Getting started with caffe
Remarks#
Caffe is a library written in C++, to facilitate the experimentation with and use of Convolutional Neural Networks (CNN). Caffe has been developed by Berkeley Vision and Learning Center (BVLC).
Caffe is actually an abbreviation referring to “Convolutional Architectures for Fast Feature Extraction”. This acronym encapsulates an important scope of the library. Caffe in the form of a library offers a general programming framework/architecture which can be used to perform efficient training and testing of CNNs. “Efficiency” is a major hallmark of caffe, and stands as a major design objective of Caffe.
Caffe is an open-source library released under BSD 2 Clause license.
Caffe is maintained on GitHub
Caffe can be used to :
- Efficiently train and test multiple CNN architectures, specifically any architecture that can be represented as a directed acyclic graph (DAG).

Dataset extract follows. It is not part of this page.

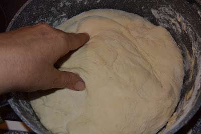 Υλικά 1 κιλό αλεύρι για όλες τις χρήσεις -περισσεύει λίγο 1 φακελάκι μαγιά ξερή νερό χλιαρό περίπου 1 και 1/2 ποτήρι χλιαρό νερό 1 κουταλιά σούπας λάδι λίγο αλάτι φέτα τριμμένη με το χέρι όση θέλετε ελιές καθαρισμένες από το κουκούτσι όσες θέλετε κι ότι είδος έχετε.

- Utilize multiple GPUs (upto 4) for training and testing. It is recommended that all the GPUs should be of the same type. Otherwise, performance is limited by the limits of the slowest GPU in the system. For example, in case of TitanX and GTX 980, the performance will be limited by the latter. Mixing multiple architectures is not supported, e.g. Kepler and Fermi 3.

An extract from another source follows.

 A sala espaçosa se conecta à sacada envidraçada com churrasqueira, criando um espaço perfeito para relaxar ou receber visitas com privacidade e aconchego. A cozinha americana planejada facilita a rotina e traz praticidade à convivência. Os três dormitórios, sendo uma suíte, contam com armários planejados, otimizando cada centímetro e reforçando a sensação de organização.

Caffe has been written following efficient Object Oriented Programming (OOP) principles.
A good starting point to begin an introduction to caffe is to get a bird’s eye view of how caffe works through its fundamental objects.
Versions#
Version | Release Date |
---|---|
1.0 | 2017-04-19 |
Installation and setup
Ubuntu
Below are detailed instructions to install Caffe, pycaffe as well as its dependencies, on Ubuntu 14.04 x64 or 14.10 x64.
Execute the following script, e.g. “bash compile_caffe_ubuntu_14.sh” (~30 to 60 minutes on a new Ubuntu).

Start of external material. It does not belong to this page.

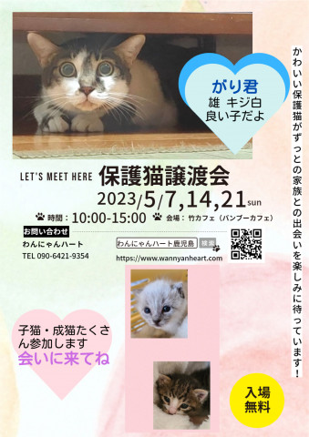 霧島市隼人町サン・あもりにて毎月 里親探しの会をしております。一般参加の方々も里親探しの為 保護した猫ちゃん達への出会いの場として提供いたします。沢山の猫ちゃん達が参加しますので是非とも会いに来てくださいニャン?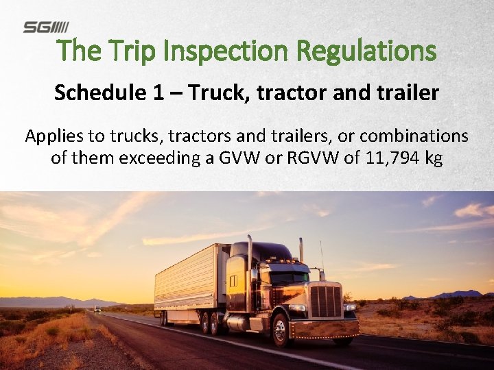 A driver is required to complete a vehicle inspection every 24-hour period and monitor the vehicle's condition throughout the trip. A driver is not permitted to drive a truck unless they or another person, within the previous 24 hours, have conducted a Schedule 1 inspection of the vehicle and completed an inspection report.

# This script installs Caffe and pycaffe.
# CPU only, multi-threaded Caffe.
# Usage:
# 0. Set up here how many cores you want to use during the installation:
# By default Caffe will use all these cores.
NUMBER_OF_CORES=4
sudo apt-get install -y libprotobuf-dev libleveldb-dev libsnappy-dev
sudo apt-get install -y libopencv-dev libhdf5-serial-dev
sudo apt-get install -y --no-install-recommends libboost-all-dev
sudo apt-get install -y libatlas-base-dev
sudo apt-get install -y python-dev
sudo apt-get install -y python-pip git
# For Ubuntu 14.04
sudo apt-get install -y libgflags-dev libgoogle-glog-dev liblmdb-dev protobuf-compiler
# Install LMDB
git clone https://github.com/LMDB/lmdb.git
cd lmdb/libraries/liblmdb
sudo make
sudo make install
# More pre-requisites
sudo apt-get install -y cmake unzip doxygen
sudo apt-get install -y protobuf-compiler
sudo apt-get install -y libffi-dev python-pip python-dev build-essential
sudo pip install lmdb
sudo pip install numpy
sudo apt-get install -y python-numpy
sudo apt-get install -y gfortran # required by scipy
sudo pip install scipy # required by scikit-image
sudo apt-get install -y python-scipy # in case pip failed
sudo apt-get install -y python-nose
sudo pip install scikit-image # to fix https://github.com/BVLC/caffe/issues/50
# Get caffe (https://caffe.berkeleyvision.org/installation.html#compilation)
cd
mkdir caffe
cd caffe
wget https://github.com/BVLC/caffe/archive/master.zip
unzip -o master.zip
cd caffe-master
# Prepare Python binding (pycaffe)
cd python
for req in $(cat requirements.txt); do sudo pip install $req; done
# to be able to call "import caffe" from Python after reboot:
echo "export PYTHONPATH=$(pwd):$PYTHONPATH " >> ~/.bash_profile
source ~/.bash_profile # Update shell
cd ..
# Compile caffe and pycaffe
cp Makefile.config.example Makefile.config
sed -i '8s/.*/CPU_ONLY := 1/' Makefile.config # Line 8: CPU only
sudo apt-get install -y libopenblas-dev
sed -i '33s/.*/BLAS := open/' Makefile.config # Line 33: to use OpenBLAS
# Note that if one day the Makefile.config changes and these line numbers may change
echo "export OPENBLAS_NUM_THREADS=($NUMBER_OF_CORES)" >> ~/.bash_profile
mkdir build
cd build
cmake ..
cd ..
make all -j$NUMBER_OF_CORES # 4 is the number of parallel threads for compilation: typically equal to number of physical cores
make pycaffe -j$NUMBER_OF_CORES
make test
make runtest
#make matcaffe
make distribute
# Afew few more dependencies for pycaffe
sudo pip install pydot
sudo apt-get install -y graphviz
sudo pip install scikit-learn
At the end, you need to run “source ~/.bash_profile” manually or start a new shell to be able to do ‘python import caffe’.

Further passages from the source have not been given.